Lost units: Continuous operating and processing leads to the possibility of wastage, seepage, shrinkage, and other factors which cause loss or spoilage of production units. Management is interested not only in the quantities reported as completed production, units in process, and lost units - but also in a comparison of planned and actual results. In verifying reported figures, the accountant will reconcile quantities put into process with quantities reported as completed and lost. One method of making such reconciliations is to establish process yields; i.e., the finished production that should result from processing various raw materials. These yields are computed as follows: 

Percent Yield = (Weight of Finished Product/Weight of Raw Materials Charged In)*100

The yield figure is a useful managerial control of materials consumption.

Various yields are established as normal. Yields below normal are measures of inefficiencies and are sometimes used to compute lost units.

The correct measurement of completed production and accurate determination of lost units ties in closely with a firm's quality control procedures.

Frequently quality control data are used to compute production costs since the use of incorrect quantities would result in incorrect unit costs. 

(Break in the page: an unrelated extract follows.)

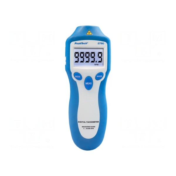 Tachometr PEAKTECH P2790 służy do optycznego pomiaru prędkości obrotowej w zakresie od 2 do 99999 obr./min. Urządzenie charakteryzuje się dokładnością pomiaru na poziomie 0,05% oraz rozdzielczością 0,1 rpm. Wyniki są prezentowane na 5-cyfrowym wyświetlaczu LCD wyposażonym w funkcję podświetlenia, co umożliwia odczyt danych w trudnych warunkach oświetleniowych.

Units Lost in the First Department. Lost units reduce the number of units over which total cost can be spread, causing an increase in unit costs. 

The one thousand units lost in the Mixing Department increase the unit cost of materials, labor, and factory overhead. Had these units not been lost, the equivalent production figure would be higher for materials and some lower for labor and factory overhead. The unit cost for materials, labor and overhead would be reduced.